# Christian Obama



## Plainsman (Jul 30, 2003)

Recently we conservatives were condemned in a post for being radical ie. thinking Obama is not Christian. I noticed he went for two years in Washington without going to church. In Chicago his mentor was a pastor, but that pastor had been Muslim and preached God D*&^M America. 
So here we go again. Muslims kill Christians in Egypt and we hear nothing. Then the Christians fight back and we get this quote from Obama. 
Then he appoints Hillary who's chief of staff is Wiener's wife and who his his wife's brother? Mrs. Wiener's brother started Muslim Brotherhood. Also her father is active in preaching radical Muslim ideas.
So where oh where do we get these radical ideas that Obama may not be real Christian. Any other ideas either way?
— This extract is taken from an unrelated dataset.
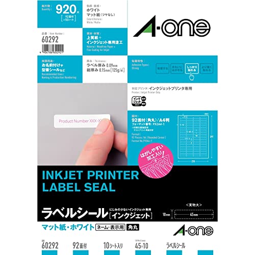 エーワン ラベルシール インクジェット 92面 10シート 60292は、印刷面が白く、各ラベルは簡単にカット可能。高品質なインクジェット印刷に対応し、プレゼンや商品のラベリングに最適です。

> he is suggesting that Egypt's increasingly persecuted Christian minority should show as much "restraint" as their tormentors and refrain from vigorously objecting to the growing abuse.


----------



## ShineRunner (Sep 11, 2002)

He really makes it hard to jump to conclusions!!! :eyeroll: oke:

I don't know if I should say this or not but he is coming to a little town near me on Monday. uke: 
We will probably be put to the test because they are having the dem conv in Charlotte this year. About 75 miles South from my location. Good that our state will be getting some dem money but bad because we have to put up with all the bs.


----------



## Gooseguy10 (Oct 10, 2006)

I was not aware that a requirement for the Presidency of the United States was that he had to be Christian? Or adhere to any religion at all? I must have missed that in Civics 101.


----------



## ShineRunner (Sep 11, 2002)

Your right there is no requirement! But we don't need someone who is going to lead the country down a path that we can't get back up!!! I read that in the koran that a muslin believer can lie and cheat his enemy. This prez has done both to the American people!!! If you can't see that you need to do some research.


----------



## Plainsman (Jul 30, 2003)

gooseguy my only point is the man is not who he says he is. He could not have won the first election with the truth. There is another good post on here about Obama's record.


----------



## Gooseguy10 (Oct 10, 2006)

Unfortunately I think there are very few national politicians that are truthful about who they are. It's all an act.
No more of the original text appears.